I asked ChatGPT about playing chess: it says tests have shown it makes an illega...

simonw · 2025-04-28T06:08:08 1745820488

Preventing an LLM from making illegal moves should be very simple: provide it with tool access to something that tells it if a move is legal or not, then watch it iterate in a loop until it finds a move that it is allowed to make.

I expect this would dramatically improve the chess playing abilities of the competent tool using models, such as O3.

toolslive · 2025-04-28T06:23:03 1745821383

or just present it with the list of legal moves and force it to pick from said list.

simonw · 2025-04-28T06:38:06 1745822286

I imagine there are points in a chess game, especially early on, where that list could have hundreds of moves - could use up a fair amount of tokens.

toolslive · 2025-04-28T07:23:31 1745825011

Nope. The list is very limited. For the starting position: a3, a4, b3,b4,.......h3, h4, Na3, Nc3, Nf3, Nh3

That's 20 moves. the size grows a bit in the early middle game, but then drops again in the endgame. There do exist rather artificial positions with more than 200 legal moves, but the average number of legal moves in a position is around 40.

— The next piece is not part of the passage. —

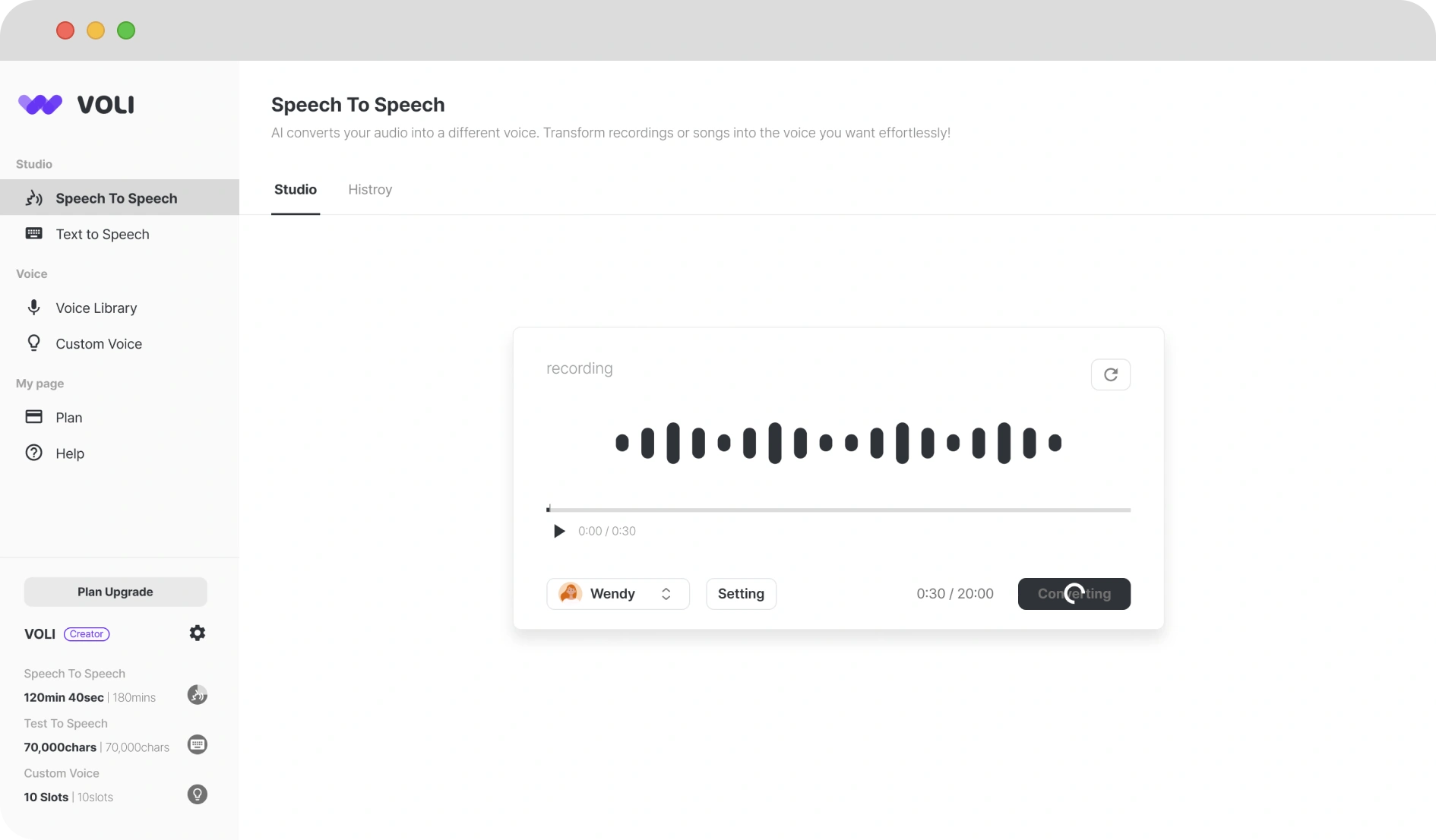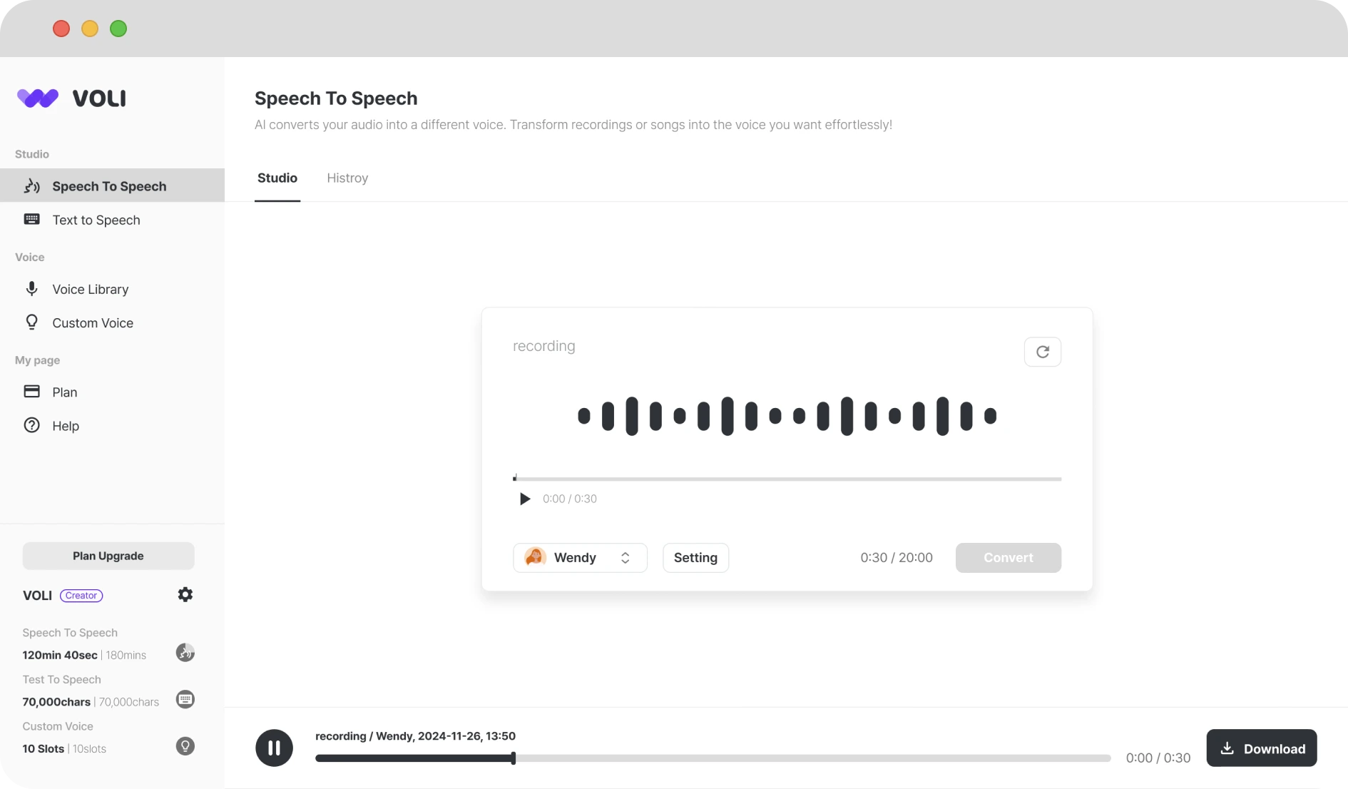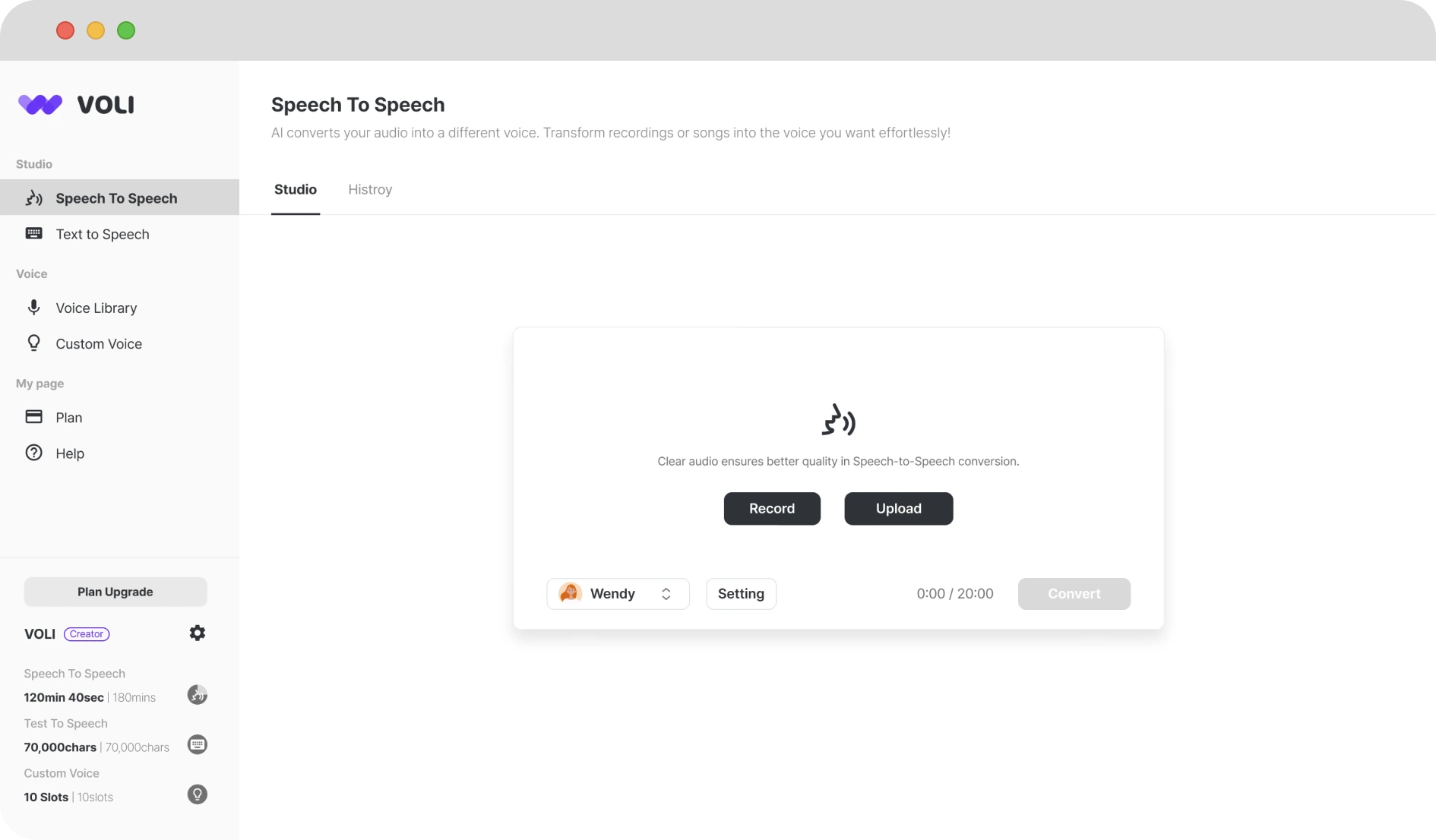 Please upload it as a clean voice file The less noise in the file, the better quality you can expect

simonw · 2025-04-28T13:22:09 1745846529

Huh, that's really interesting, thanks.

I mentally counted the starting moves as being 8 pawns x2 = 16 pawn moves and 2x2 =4 4 knight moves, but then I doubled it for both sides to get 40 (which with hindsight was obviously wrong) and then assumed that once the pawns had moved a bit there would be more options from non-pawn pieces.

With an upper bound of ~200 in edge cases listing all possible moves wouldn't take up much room in the context at all. I wonder if it would give better results, too.

stavros · 2025-04-28T09:59:04 1745834344

You could also constrain the output grammar to legal moves, but if we're comparing its chess performance to humans', it would be unfair to not let it think.

bluefirebrand · 2025-04-28T21:28:25 1745875705

At any given time there are way more illegal moves than legal moves, though

red369 · 2025-04-28T08:15:18 1745828118

I have tried playing chess with ChatGPT a couple of times recently, and I found it was making illegal moves after about 4 or 5 moves.

The first few could be resolved by asking it to check its moves. After a few more, I was having to explain that knights can jump and therefore can’t be blocked. It was also trying to move pieces that weren’t there, onto squares alert occupied by its own pieces, and asking it to review was not getting anywhere. 10-15 moves is very optimistic, unless it’s counting each move by either side, i.e., White moves 5-8 times and Black moves 5-8 times. Even that seems optimistic, but the lower end could be right.

red369 · 2025-04-28T10:27:40 1745836060

I just tried again, and ChatGPT did much better. A notification said it was using GPT-4o mini, and it reached move 10 for White (me) before it lost the plot:

https://chatgpt.com/share/680f57b6-8554-800b-a042-f640224b91...

It didn't get much further with suggestions to review. Also, the small ASCII board it generated was incorrect much earlier, but it sometimes plays without that, so I let that go.